I keep thinking somewhere in the deep, dark recesses of the coach's minds is a jumbo package that includes all of that size and speed on the field. Toss in Hickman, and you put some defenders in a really tough spot.
 
I keep thinking somewhere in the deep, dark recesses of the coach's minds is a jumbo package that includes all of that size and speed on the field. Toss in Hickman, and you put some defenders in a really tough spot.
give me a goal line set with some of those 6'-9" offensive tackles lined up at wideout....

Talk about a jumbo set :Biggrin:
 
Neville likes our offensive set, and the fact he is expected to play early( even with Manning and Betts) Neville is our ready to play Big receiver, Hardy is our project that will need time to adjust. Neville reminds me of Maurice Purify, a jump ball receiver that can go up and win the 50/50 ball.

Yup

Not to mention Manning will be a senior when he arrives to boot thus, the playing time will be there for him to take
 



Link?

Adrian and Wan'dale disagree....they de-committed once and the rest is history

In fairness, this entire recruiting forum contains examples of people committing decommitting and doing it over again. For every example of those who decommit from somewhere else to become N, there's probably the same number of folks who have decommitted from N and gone somewhere else.

Just look at Wiltfong's last minute switches over the course of history. Holding up an example of 2 players as the 'rule' does not really make it the rule considering actual history when going beyond those 2 players.

There's really nutt'n wrong having an opinion that decommitting form one place may increase the odds of decomitting again...peeps could cite to more than just college football to demonstrate the accuracy of the thesis.

But, bottom line, hopefully Neville commits on the 4th and signs the LOI when he can.
 
In fairness, this entire recruiting forum contains examples of people committing decommitting and doing it over again. For every example of those who decommit from somewhere else to become N, there's probably the same number of folks who have decommitted from N and gone somewhere else.

Just look at Wiltfong's last minute switches over the course of history. Holding up an example of 2 players as the 'rule' does not really make it the rule considering actual history when going beyond those 2 players.

There's really nutt'n wrong having an opinion that decommitting form one place may increase the odds of decomitting again...peeps could cite to more than just college football to demonstrate the accuracy of the thesis.

But, bottom line, hopefully Neville commits on the 4th and signs the LOI when he can.


An opinion is great but the history as a whole does not support multiple Decommits except in rare cases.

It just does not
 
An opinion is great but the history as a whole does not support multiple Decommits except in rare cases.

It just does not

No one really said anything a said anything about multiple decommits, other than really using this to demonstrate that the likelihood of decommitting again goes up once a person reneges on their original commitment. Just that the possibility increases, that is history and human sociology.

It's really not a hard thesis to understand as we both know.
 
No one really said anything a said anything about multiple decommits, other than really using this to demonstrate that the likelihood of decommitting again goes up once a person reneges on their original commitment.
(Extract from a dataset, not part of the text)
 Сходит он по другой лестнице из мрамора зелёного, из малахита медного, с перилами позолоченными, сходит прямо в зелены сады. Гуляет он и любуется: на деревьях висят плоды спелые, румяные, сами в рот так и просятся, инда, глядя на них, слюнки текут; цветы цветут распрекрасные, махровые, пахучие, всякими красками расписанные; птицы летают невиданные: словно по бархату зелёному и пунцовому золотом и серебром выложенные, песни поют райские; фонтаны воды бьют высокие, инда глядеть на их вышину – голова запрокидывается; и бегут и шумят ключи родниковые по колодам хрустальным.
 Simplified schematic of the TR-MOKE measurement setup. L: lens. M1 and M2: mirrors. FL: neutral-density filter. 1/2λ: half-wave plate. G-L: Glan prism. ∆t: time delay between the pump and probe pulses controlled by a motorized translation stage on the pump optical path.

Just that the possibility increases, that is history and human sociology.

It's really not a hard thesis to understand as we both know.
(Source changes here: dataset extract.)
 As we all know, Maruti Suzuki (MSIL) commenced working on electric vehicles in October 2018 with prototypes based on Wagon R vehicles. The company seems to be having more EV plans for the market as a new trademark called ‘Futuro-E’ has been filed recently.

Your right it's not hard to understand and the history just does not support the premise
 




Your right it's not hard to understand and the history just does not support the premise

Actually...history and social science supports the premise that if a person commits to something, then decommits, the chances of a subsequent decommit increase. That doesn't mean that it becomes more than a 50% chance that it will happen again, just that it is more likely to happen than if there never had been an original commitment.

This is not difficult as we both know.